## What needs to be done:
Restate word for word the lines of the records below, starting at the line that contains "Cross Streets: MISSISSAUGA" and ending at the line that contains "INNOVATIVE Travel Makeup", with both of those lines included and nothing else.

## Dataset extract:
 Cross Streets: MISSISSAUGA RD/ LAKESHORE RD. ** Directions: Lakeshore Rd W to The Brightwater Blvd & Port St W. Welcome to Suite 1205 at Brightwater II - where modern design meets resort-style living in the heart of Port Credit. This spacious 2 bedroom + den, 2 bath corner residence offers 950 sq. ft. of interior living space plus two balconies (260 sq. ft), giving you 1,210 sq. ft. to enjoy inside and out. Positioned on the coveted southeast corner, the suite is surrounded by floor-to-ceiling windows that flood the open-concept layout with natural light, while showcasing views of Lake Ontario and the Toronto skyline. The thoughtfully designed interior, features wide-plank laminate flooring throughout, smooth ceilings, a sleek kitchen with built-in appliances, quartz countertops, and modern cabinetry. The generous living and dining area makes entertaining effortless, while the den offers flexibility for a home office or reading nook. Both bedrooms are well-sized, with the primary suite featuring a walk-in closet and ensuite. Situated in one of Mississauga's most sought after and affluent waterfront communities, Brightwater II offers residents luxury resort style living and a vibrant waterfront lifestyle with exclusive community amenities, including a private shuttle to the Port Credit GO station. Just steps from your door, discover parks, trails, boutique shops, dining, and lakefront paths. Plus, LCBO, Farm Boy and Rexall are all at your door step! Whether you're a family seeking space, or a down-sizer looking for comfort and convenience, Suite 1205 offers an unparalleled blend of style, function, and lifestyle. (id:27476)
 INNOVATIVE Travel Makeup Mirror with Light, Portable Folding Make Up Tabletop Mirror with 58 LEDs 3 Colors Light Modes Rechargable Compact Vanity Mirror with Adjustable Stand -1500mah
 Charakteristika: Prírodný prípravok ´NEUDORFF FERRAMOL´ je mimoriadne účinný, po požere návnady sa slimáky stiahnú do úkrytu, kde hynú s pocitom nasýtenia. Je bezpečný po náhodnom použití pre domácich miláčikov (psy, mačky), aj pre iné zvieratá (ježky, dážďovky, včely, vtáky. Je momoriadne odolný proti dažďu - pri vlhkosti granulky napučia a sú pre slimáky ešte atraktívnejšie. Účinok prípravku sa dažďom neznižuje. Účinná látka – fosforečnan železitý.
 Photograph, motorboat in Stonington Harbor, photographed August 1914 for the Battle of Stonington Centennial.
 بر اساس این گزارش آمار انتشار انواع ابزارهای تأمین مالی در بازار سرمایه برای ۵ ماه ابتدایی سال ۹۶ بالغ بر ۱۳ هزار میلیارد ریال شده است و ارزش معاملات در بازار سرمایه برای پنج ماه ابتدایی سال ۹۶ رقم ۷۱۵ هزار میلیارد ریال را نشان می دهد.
---
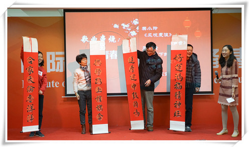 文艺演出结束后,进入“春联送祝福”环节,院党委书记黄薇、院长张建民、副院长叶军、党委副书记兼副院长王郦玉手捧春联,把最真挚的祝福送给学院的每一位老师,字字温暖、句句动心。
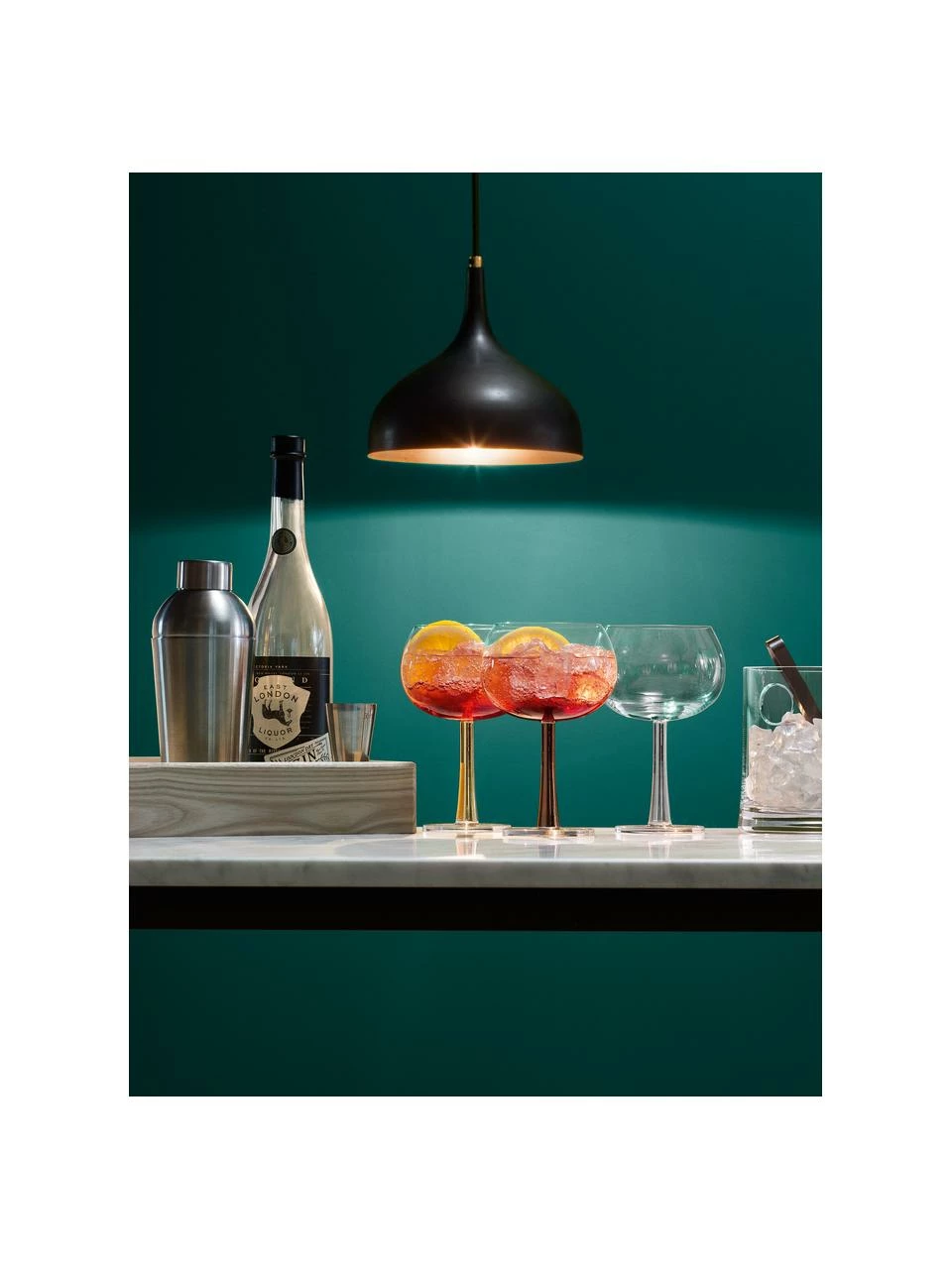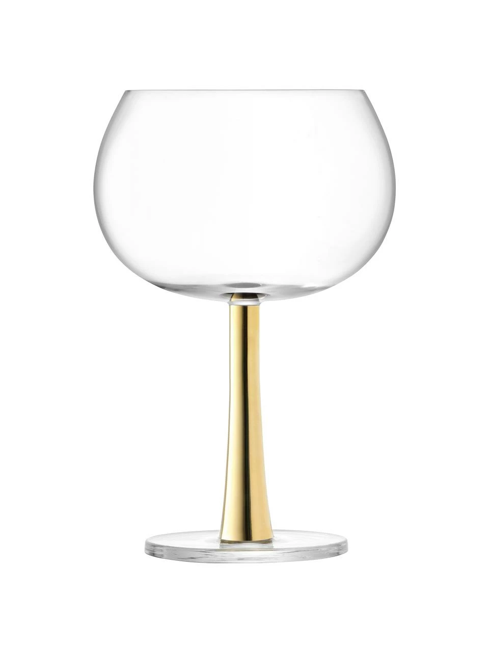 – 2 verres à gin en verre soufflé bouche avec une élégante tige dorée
* * *
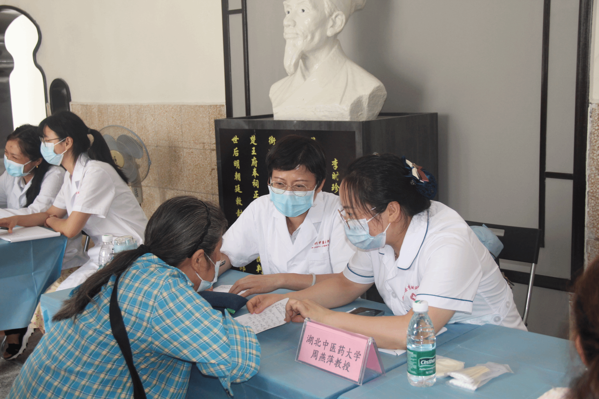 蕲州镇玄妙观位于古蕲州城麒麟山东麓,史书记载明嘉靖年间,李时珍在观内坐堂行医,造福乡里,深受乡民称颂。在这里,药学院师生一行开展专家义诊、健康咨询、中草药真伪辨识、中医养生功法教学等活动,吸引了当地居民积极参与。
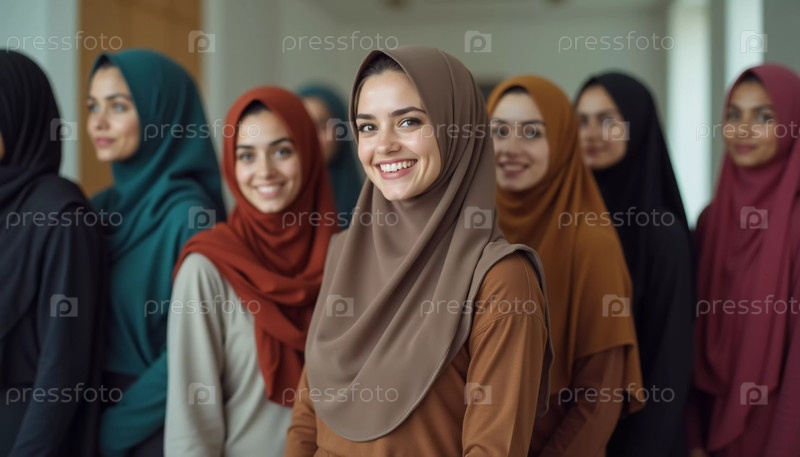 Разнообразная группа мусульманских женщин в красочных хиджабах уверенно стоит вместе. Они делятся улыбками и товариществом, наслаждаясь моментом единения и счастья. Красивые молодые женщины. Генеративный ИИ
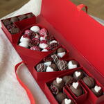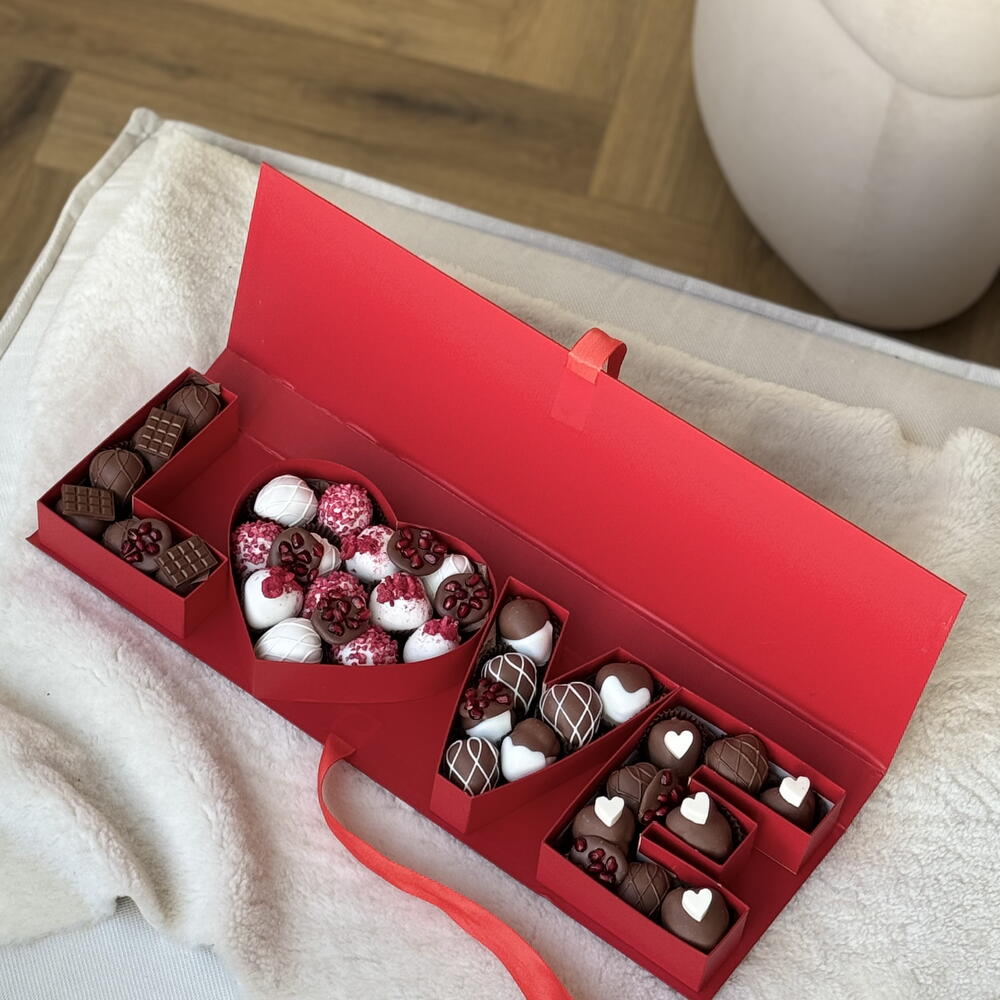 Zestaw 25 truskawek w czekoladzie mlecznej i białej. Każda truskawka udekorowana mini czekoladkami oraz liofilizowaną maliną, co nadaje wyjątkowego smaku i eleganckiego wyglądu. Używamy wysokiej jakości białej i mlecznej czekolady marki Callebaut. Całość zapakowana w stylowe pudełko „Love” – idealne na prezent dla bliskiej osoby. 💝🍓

## Expected answer:
 Cross Streets: MISSISSAUGA RD/ LAKESHORE RD. ** Directions: Lakeshore Rd W to The Brightwater Blvd & Port St W. Welcome to Suite 1205 at Brightwater II - where modern design meets resort-style living in the heart of Port Credit. This spacious 2 bedroom + den, 2 bath corner residence offers 950 sq. ft. of interior living space plus two balconies (260 sq. ft), giving you 1,210 sq. ft. to enjoy inside and out. Positioned on the coveted southeast corner, the suite is surrounded by floor-to-ceiling windows that flood the open-concept layout with natural light, while showcasing views of Lake Ontario and the Toronto skyline. The thoughtfully designed interior, features wide-plank laminate flooring throughout, smooth ceilings, a sleek kitchen with built-in appliances, quartz countertops, and modern cabinetry. The generous living and dining area makes entertaining effortless, while the den offers flexibility for a home office or reading nook. Both bedrooms are well-sized, with the primary suite featuring a walk-in closet and ensuite. Situated in one of Mississauga's most sought after and affluent waterfront communities, Brightwater II offers residents luxury resort style living and a vibrant waterfront lifestyle with exclusive community amenities, including a private shuttle to the Port Credit GO station. Just steps from your door, discover parks, trails, boutique shops, dining, and lakefront paths. Plus, LCBO, Farm Boy and Rexall are all at your door step! Whether you're a family seeking space, or a down-sizer looking for comfort and convenience, Suite 1205 offers an unparalleled blend of style, function, and lifestyle. (id:27476)
 INNOVATIVE Travel Makeup Mirror with Light, Portable Folding Make Up Tabletop Mirror with 58 LEDs 3 Colors Light Modes Rechargable Compact Vanity Mirror with Adjustable Stand -1500mah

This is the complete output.